Hi guys, I started this Topic regarding fine tuning Wav2Vec2 in Portuguese language. Let’s exhange knowledge and help to implement this model at HuggingFace
I’m training on Google Cloud with 2 T4 GPUs, which are quite inexpensive and using
screen to keep the code running, even if SSH disconnects for any reason. Steps to run screen properly:
$ script /dev/null $ screen
$ python training.py
To check what part of the code is running, SSH again an run:
$ screen -r
$ screen -d -r 3310
To quit screen:
$ screen -X -S 3310.pts-6.training quit
Do you think it will be possible to do it on Colab?
The dataset looks huge and becomes larger after all the caching of the processed data.

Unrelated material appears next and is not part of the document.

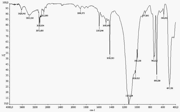 В ИК - спектрах (рис.) полученных соединений присутствуют полосы поглощения характерные для связи Si - Ph1131см-1 и 1429см-1 ; 1600см-1 скелетные колебания связи С - С в фенильном радикале, триплет в области 3000см-1 - 3100см-1 отвечает колебаниям связи C – H в ароматических системах. В области проявления силоксановой связи 1000-1130 см-1 ик-спектры полученных соединений имеют сложную колебательную структуру, что указывает на неоднородность полученных полимеров по строению. Колебания связи Si – O (W) четко не проявляются и лежат, по-видимому, в той же области.

Hi Gunjan, I tried to train on Colab but I had a “memory full” error. As seen in our Slack, the model can be trained on OVH Cloud: https://www.ovh.ie/
- fill this form OVH - Wav2Vec2 - Fine Tuning week - GPU accounts - Google Sheets
- they will send a voucher code
- more in the discord channel: https://discord.gg/HaNEhBax
You can also try with 24GB RAM and NVIDIA P100 on Google Colab, make a copy of this notebook and use it: https://colab.research.google.com/drive/1D6krVG0PPJR2Je9g5eN_2h6JP73_NUXz
Current state of effort:
My main model wer got stuck at 0.3656 = 3e-4 became a high learning rate. This happened in checkpoint 2600. So, I decided to use the saved weights to run two models in parallel.

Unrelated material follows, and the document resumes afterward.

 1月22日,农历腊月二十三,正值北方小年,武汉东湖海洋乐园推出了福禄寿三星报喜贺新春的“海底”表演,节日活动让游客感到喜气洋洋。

First model: take original model and decrease learning rate to 0.8e-4: result so far at checkpoint 400:
Second model: comment #model.freeze_feature_extractor(). Result so far at checkpoint 400 (this will take much longer to train):
Also, I had GPU issues so the training is not optimized.

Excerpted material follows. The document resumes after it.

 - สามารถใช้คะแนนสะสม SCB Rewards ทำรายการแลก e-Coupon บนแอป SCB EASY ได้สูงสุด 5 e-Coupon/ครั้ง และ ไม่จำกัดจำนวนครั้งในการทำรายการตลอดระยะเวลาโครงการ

Model 2 - comment #model.freeze_feature_extractor() aborted. GPU config issues + computing expensive.
Model 1 - decreased learning rate to 0.8e-4: wer = 0.33
Dataset = common voice = 1.7GB
Nice to know that you found a good set of hyperparameters.
I’m not a native speaker of Portuguese, did you change the vocab dict in any manner?
Oi pessoal, tudo bem?
Estou com dúvida de como fazer a predição
Estou fazendo baseado em um modelo de fine-tuning XLSR-Wav2Vec2
e não acho otimal apagar os labels em texto se depois vou usá-los para comparar
Mas está extremamente desgastante porque eles não explicam qual o formato do input para a função compute_metrics só falam que é pred…então fica um black blox dentro de outro black box…
não sei dar o forward e não tive um contato significativo com pytorch, ai quando vou tentar fazer predição por batch, pronto…
só dá erro…
vou acabar tendo que criar uma função que repete o que outra função faz porque não sei o que é preds…